*** Begin section ***

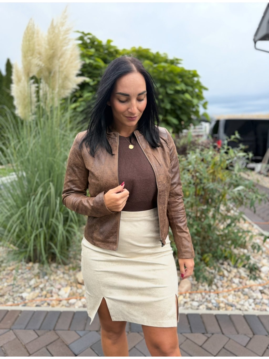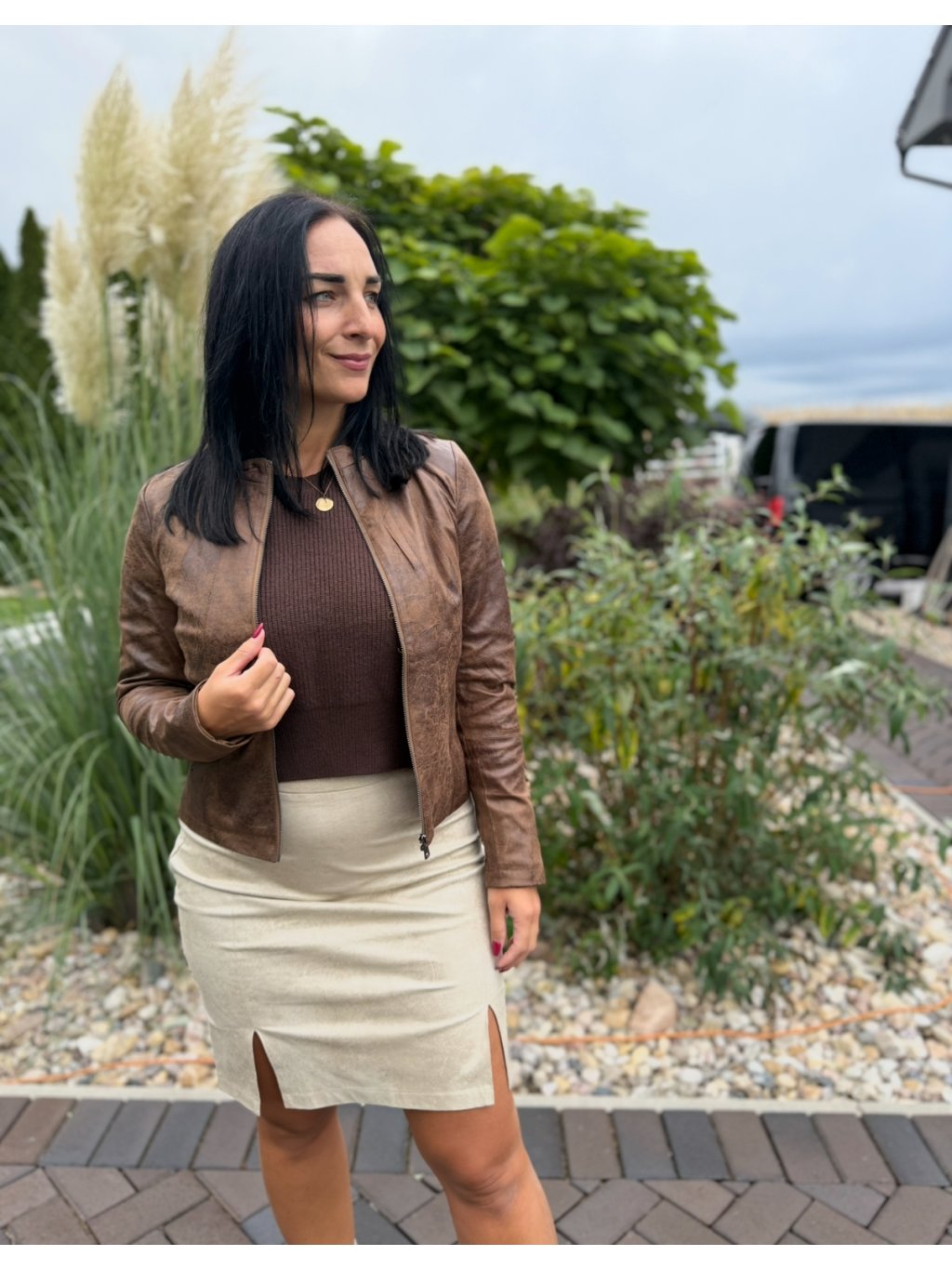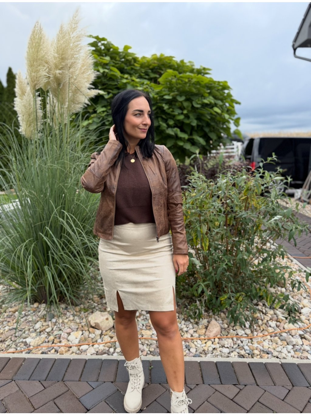 Béžový koženková sukně s rozparky – elegantní a nadčasová volba
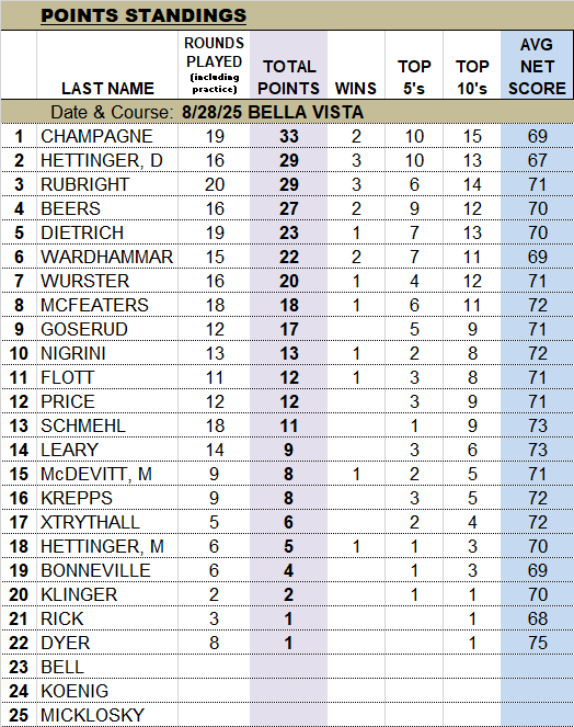 For the final 5 rounds of championship play the points will be 11 for the winner, 9 pts for 2nd, 8 for 3rd, etc to 1 pt for 10th. All weeks count. We will not do "best of" like we did last year, using 3 of best 5 championship rounds. This year's spreadsheet is not setup for that.
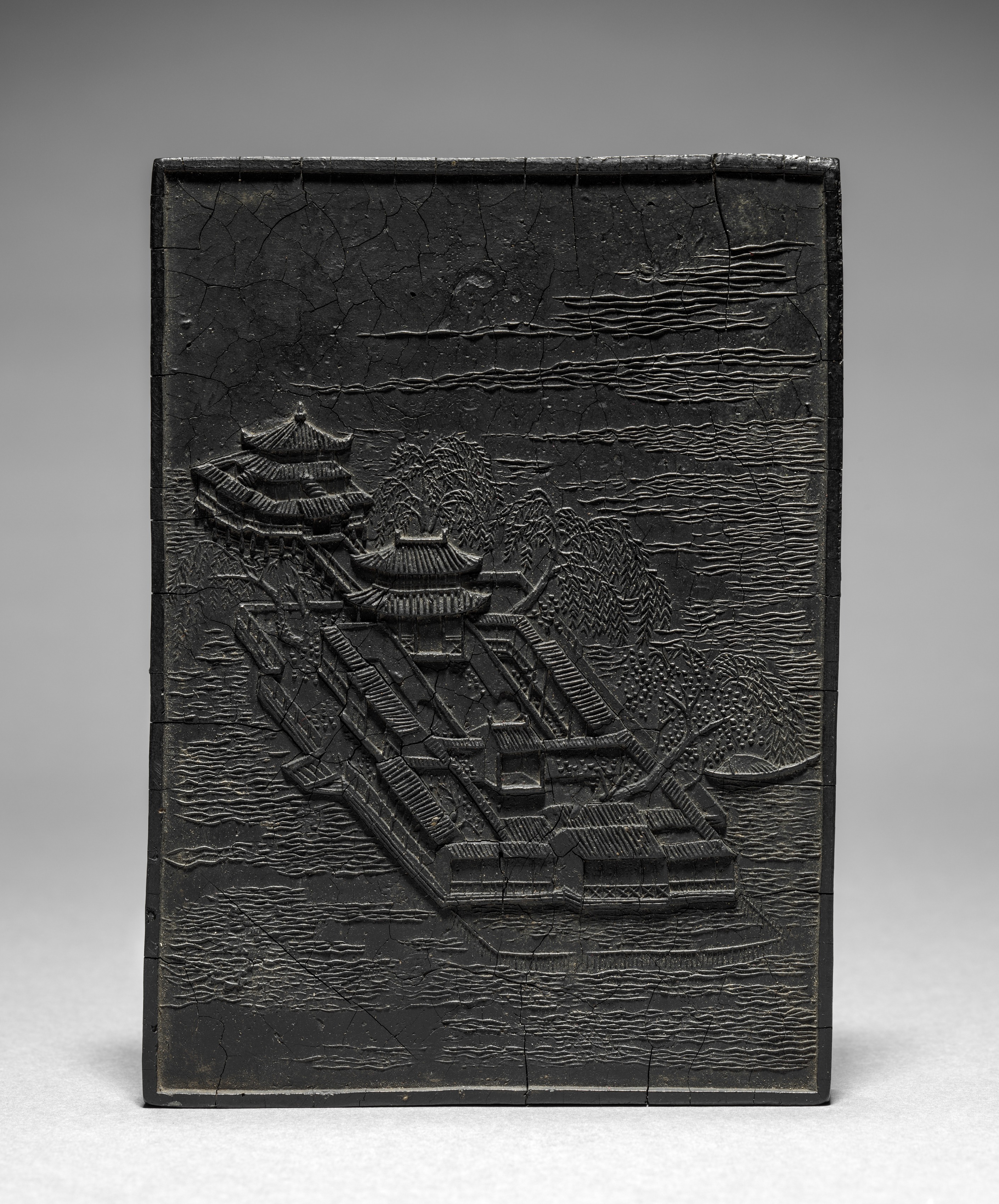 The image depicts a black ink cake by an unknown artist titled "Ink Cake". The ink cake is square and made of a dark material that resembles stone or metal. The surface of the ink cake features a raised design that includes a large building with multiple roofs and a body of water. The building appears to be a traditional Chinese structure, possibly a temple or palace. The body of water is depicted with wavy lines, suggesting movement. The ink cake has a rough texture and appears to be cracked in several places. The background of the image is a gradient of gray, with the ink cake sitting on a white surface. The lighting in the image is dim, with a shadow cast by the ink cake on the surface below it. The overall appearance of the ink cake suggests that it is an old, possibly antique, object.
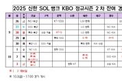 (포탈뉴스통신) KBO는 26일(금) 2025 신한 SOL뱅크 KBO 정규시즌 2차 잔여 경기 일정을 확정했다. 편성된 경기는 1차 잔여 경기 일정에서 우천 취소된 후 편성되지 않았던 7경기이며, 10월 3일(금)까지 편성됐다. 경기가 우천 등으로 취소될 경우 발표된 일정의 예비일로 우선 편성되며, 다음 날 동일 대진일 경우 더블헤더로 편성된다. 예비일이 없을 경우 추후 편성된다. 경기 개시시간은 평일 18시 30분, 토요일 17시, 일요일 14시이다. 또한 10월 3일(금) 경기는 해당 구단의 전날 경기 후 이동을 고려하여 17시에 편성한다. 한편, 우천 등으로 연기되는 경기가 포스트시즌 참가팀 이외의 팀간 경기이거나 포스트시즌 진출팀이라도 해당 시리즈와 관계없는 대진일 경우에는 정규시즌 최종일과 와일드카드 결정전 개막일 사이의 이동일 또는 포스트시즌 기간 중에도 경기를 거행할 수 있으며 와일드카드 결정전 진출 구단의 정규시즌 마지막 경기와 와일드카드 결정전 개최일 사이 최소 하루의 이동일을 둘 예정이다. 또한, 정규시즌 제1,5위 구단이 두 팀일 경우에는 KBO 리그 규정에 의거 와일드카드 결정
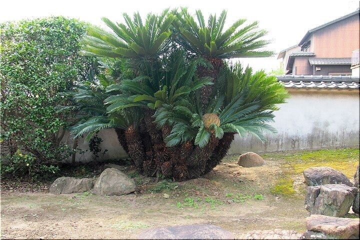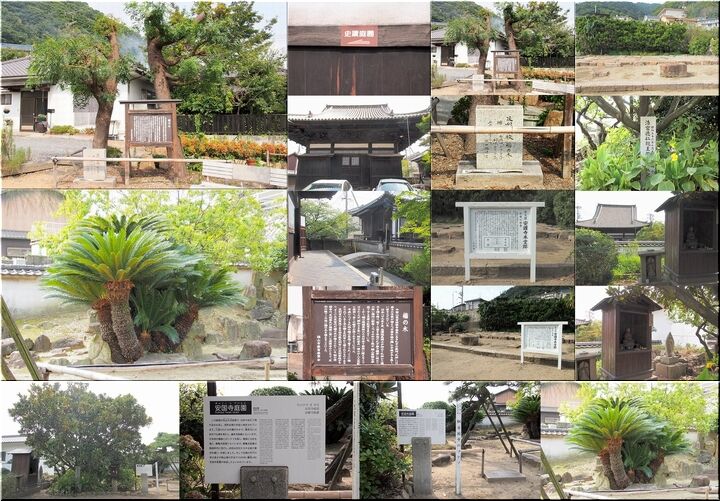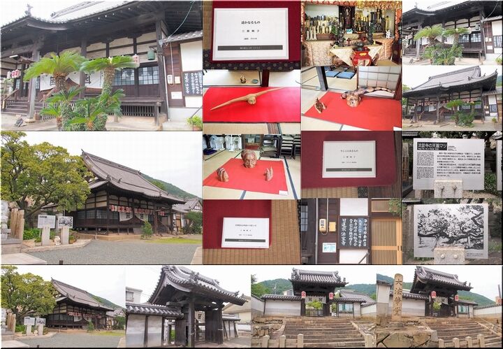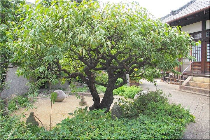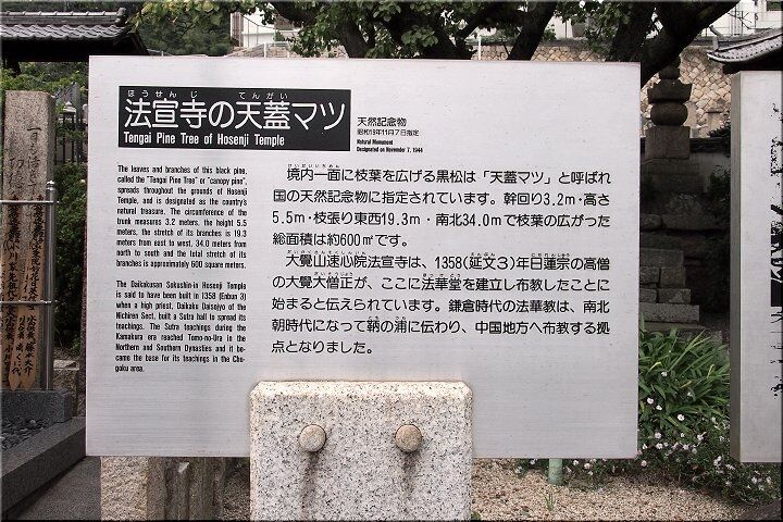 かつて法宣寺には国の天然記念物がありました。大覚大僧正お手植えと伝わる黒松の巨木です。その枝ぶりから「天蓋マツ」とも呼ばれ、鞆の浦の人々の誇りでしたが、残念ながら、1991年夏、六百余歳で枯死しました。支柱と切株だけが残った跡地は、無常の想いを呼び起こします。ただ不思議なのは、老松が枯れて以来、今まで影が薄かった隣の紅梅が生気を得て、最近では新しい花の名所になっていることです。往く者あらば来る者あり。春の境内でそんな感慨にひたるのも「あり」かもしれません。
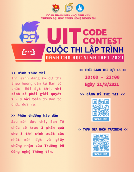 UIT Code Contest là cuộc thi nhằm tìm kiếm những code talent trong khối THPT, đồng thời tổ chức sân chơi lành mạnh để so tài và bổ ích để trau dồi thêm kiến thức và kỹ năng.
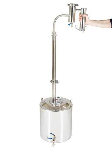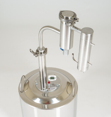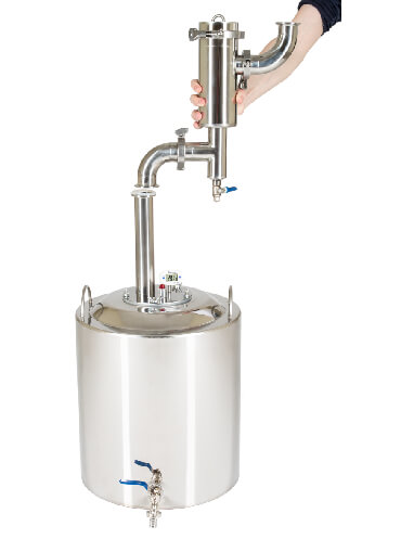 Широкие соединительные трубки диаметром 18 мм и спускной клапан гарантируют полную безопасность при перегонке. Закупорка исключена.
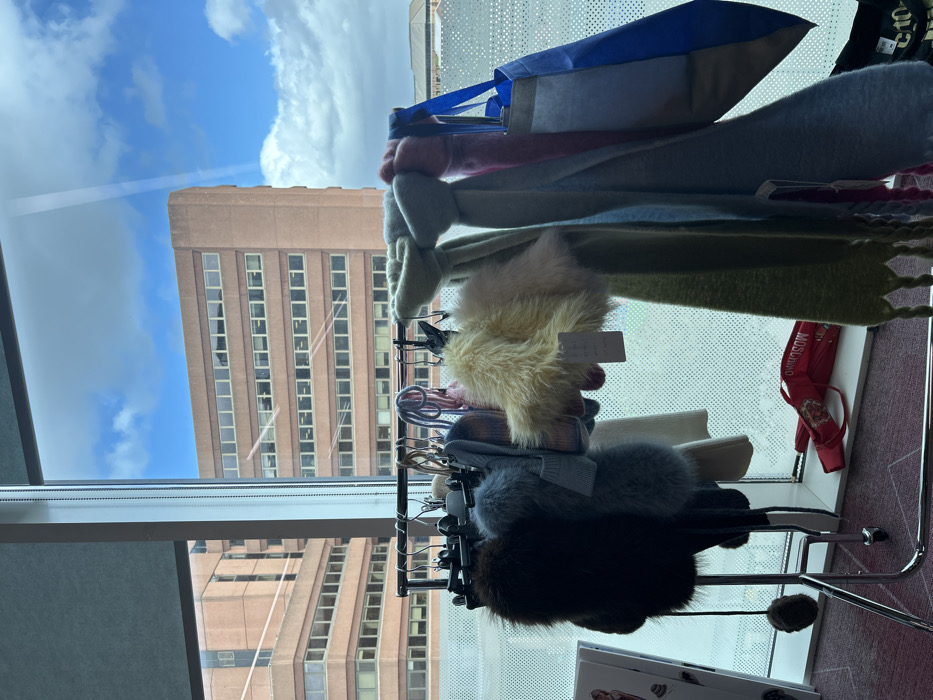 The image captures an indoor perspective looking out through a large window onto an urban setting in Garston, United Kingdom. In the immediate foreground, a chrome-plated mobile clothing rack is positioned, displaying a collection of winter accessories. These include several knitted hats, some featuring prominent fur pom-poms in dark brown and light grey, alongside other knitted items. Multiple long, knitted scarves hang from the rack, presenting in colors such as light green, light blue, and pink, with some exhibiting fringed edges. A fluffy yellow accessory, possibly a collar or scarf, is also visible, with a retail tag attached. To the far right, a blue and grey reusable shopping bag is suspended from the rack. On the white windowsill beneath the window, a red pouch or small bag, branded with "MOSCHINO," lies horizontally. The floor in the foreground is covered with a reddish-purple patterned carpet. Beyond the window, under a sky with patches of blue and white cumulus clouds, two large, multi-story urban buildings are visible. Both structures are constructed from a reddish-brown material, likely brick or concrete, and feature numerous rectangular windows arranged in consistent rows. One building stands prominently across the view, while a section of a similar building is visible to its left. A light grey roller blind is partially lowered at the top left of the window frame. No individuals are present in the scene.

*** End section ***

THE PROBLEM: Set out exactly, and only, the lines between the first line of the listing and the line containing "For the final", counting both, while leaving every picture out.

EXERCISE RESPONSE:
 Béžový koženková sukně s rozparky – elegantní a nadčasová volba
 For the final 5 rounds of championship play the points will be 11 for the winner, 9 pts for 2nd, 8 for 3rd, etc to 1 pt for 10th. All weeks count. We will not do "best of" like we did last year, using 3 of best 5 championship rounds. This year's spreadsheet is not setup for that.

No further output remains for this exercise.